What do you do on an anniversary of the saddest day of your life? There is no answer and nothing to ease the memory of the somewhat ‘warm’, to Minnesota standards, December day. The light snow and smell of the cool air rushes back the memories of the stabbing pain. Today hurts like any other, but the sting on December 3, 2011 of that sharp blade to the heart is so fresh in my memory. I feel it like it was only moments ago, but somehow the instant sting lessens and the numbness, rehabilitation and scarring remains every day. I try to hold onto my memories of Grant and create new ones with those I love so dearly. Since day one of the month approached I thought about how I should spend this sad day. I desperately wanted to sleep through it as I did days following the horrid news. I remembered hysterically crying myself to exhaustion to the point where I slept hour upon hour; Waking from another nightmare and crying myself back to complete exhaustion in a constant cycle. I re-lived the news in my dreams so often I couldn’t even count. My eyes were so puffy I could hardly see and I swallowed so much air through my gasps that I made myself sick. I got to a point of being so weak I couldn’t cry anymore and my whales of cries became tearless… I cried out every last tear in me. I hear sometimes people think I am so strong. I’d like to say that is true. I am actually weak… Really weak, but you can only cry so much. I remember by the time Grant’s wake approached almost a week after his passing I couldn’t even cry. I was so weary and I just couldn’t do it anymore. As time passed I had to teach myself not to cry; How to get through a story without the tears rushing down… How to get through a song… How to eat french toast as I did moments before I heard the news… How to see his smile and smirk in pictures… How to hear his voice and laughter… How to dream of him without sobbing myself awake.
I woke on December 3, 2013 with a few tears as I reached for my phone with the reminder of the date at the top of my screen. I wasn’t going to celebrate the day, but I wasn’t going to ignore it either… I was going to live it. I picked up Mom and we brought B-Dub and Ashton McDonald’s and ate lunch with them. Of course, the hot lunch menu option when we arrived was french toast… I think I have only had french toast once in the past two years and with my first bite I remembered I swore I couldn’t eat it again. The aroma of maple syrup is something I will never forget… We all have scents that conjure up memories with a vivid force no other sense can match… Mine is maple syrup.
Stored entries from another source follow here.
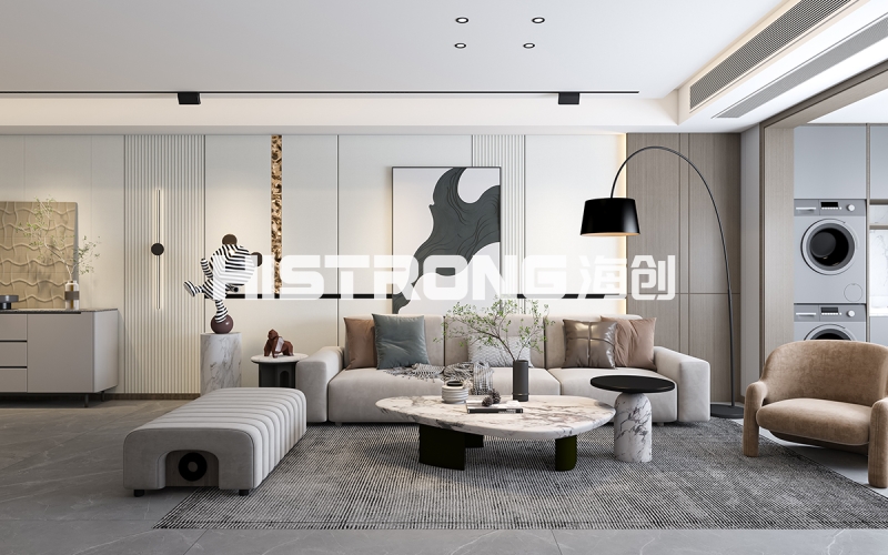 全屋定制,住得省心海創(chuàng)頂墻門柜一體化打造,220平大平層,清爽白為底,深棕與灰色小面積點綴。從毛坯到入住,設(shè)計、選材、施工一站統(tǒng)籌,不用東奔西跑,落地效果就是當(dāng)初想要的樣子。玄關(guān) · 進門就順了一門到頂?shù)男P(guān)柜,推開門視線干凈開闊。鑰匙、外套、鞋子各有歸處,每天出門回家,心里也跟著清爽起來??蛷d · 待著就不想走沙發(fā)背景與電視墻非對稱設(shè)計,一面是山水3D打印畫,一面是素面留白。無主燈,光影柔軟散落,坐哪都自在。朋友來家里,總說這地方待著舒服。餐廚 · 做飯也不孤單島式餐桌居中,備餐、吃飯、聊天自然連在一起。半開放式餐邊柜,常用的小電器順手拿取,臺面始終整潔。一家人在一塊兒的時間,比原來多了不少。主臥 · 一躺就放松無拉手定制柜與墻面融成一片,視線沒有多余線條。9A木墻板拼接的背景墻,溫潤的觸感,晚上燈一關(guān),身心很快沉下來。收納夠用,空間干凈,睡眠自然安穩(wěn)。兒童房 · 成長有陪伴書桌緊鄰休息區(qū),寫作業(yè)、畫畫、發(fā)呆各得其所。柜子高度按孩子來設(shè)計,自己也能整理玩具。看著他在自己的小天地里安靜長大,挺踏實的。書房 · 獨處有質(zhì)量一門到頂書柜,半開放加燈帶,找書順手,燈光柔和。書桌臨窗,窗外安靜,屋內(nèi)也安靜。無論是加班還是讀書,都能很快沉進去。海創(chuàng)頂墻門柜,拎包入住墻、頂、門、柜全案統(tǒng)籌,風(fēng)格統(tǒng)一,交付即成品。極簡大平層,不只是好看,更是每天住著都順心。more +品牌介紹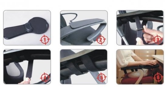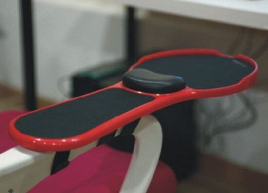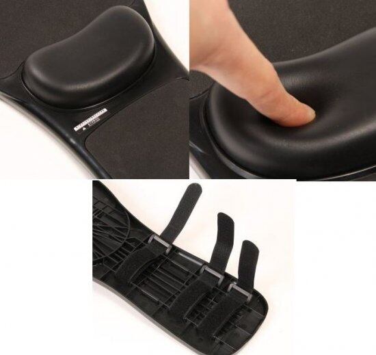 チェアのアームレスト部にセットするだけで簡単に肘置き台を作ることができるマウスパッド付きリストレスト。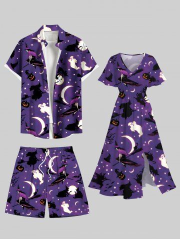 Plus Size Pumpkin Wizard Ghost Moon Star Ombre Galaxy Print Halloween Drawstring Beach Shorts For Men - Purple - 5xl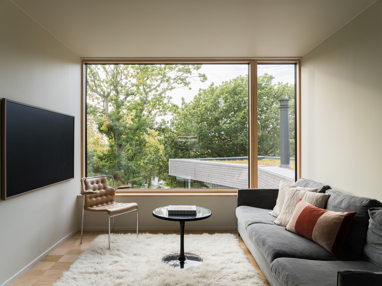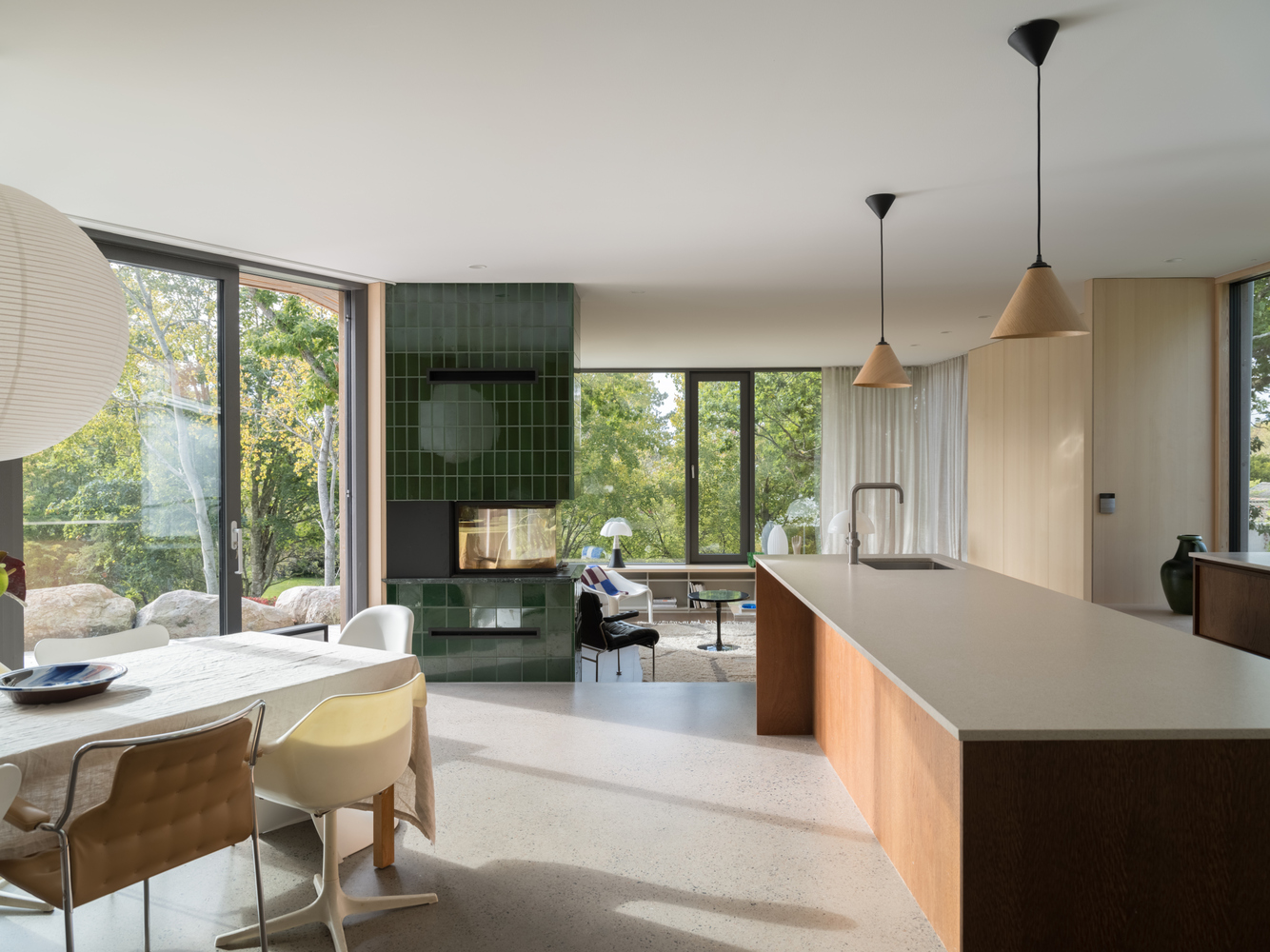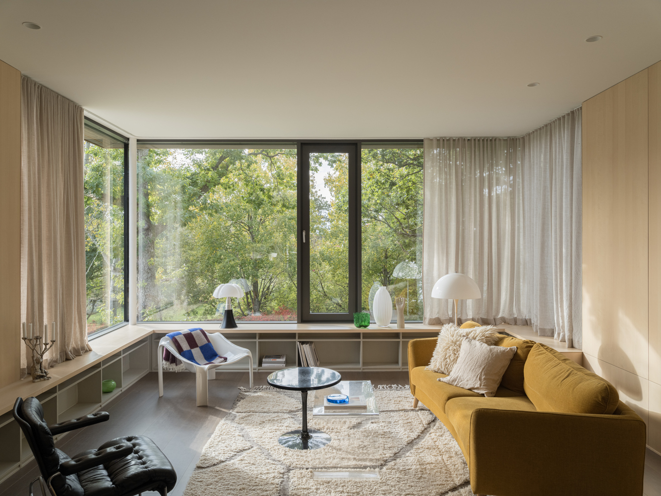 Szklane ściany salonu zapewniają obfitość naturalnego światła i bliskość do starych dębów w dolnej części ogrodu. Korytarz pełni nie tylko funkcję komunikacyjną, ale także oferuje przestrzeń do czytania i integruje strefy prywatne i publiczne. Każdy pokój ma wyjście na taras lub do ogrodu, zachęcając domowników do rozszerzenia przestrzeni życiowej na zewnątrz.

Following lunch Mom and I picked up Benny and Greta to go on a non-planned adventure. Let’s see where the day takes us and head towards St. Paul. We told the kids we were going to a magical place and we did… I didn’t know how magical at the time. We ended up seeing the ice rink in rice park and with one mentioning of it Benny wanted to try it so badly and I wasn’t going to stop him. We tied up the first set of skates ever to touch their feet. This was a big moment for them; a milestone in their life. I held Benny’s hands and was his full support as he stepped on the ice with determination. He was going to do this and I could have not been more proud. Just like how I feel in my grief; with each fall you get back up and keep going. Sometimes you stumble and sometimes you fall hard. With practice and time you glide with more grace, but you do know that you might plunge again and that is OK. Even the best skaters fall and the better you get the more complex things tend to get. I had to remind the kids that they were going to get better and better with more practice. They would know what to do as they learn… My reflection of the day helped me realize that falling in life can’t make you give up on the rest of the adventure. The adventure may be long and some days I wish I had a river I could skate away on, but the adventure is easier when you have the hands of family and friends holding you up.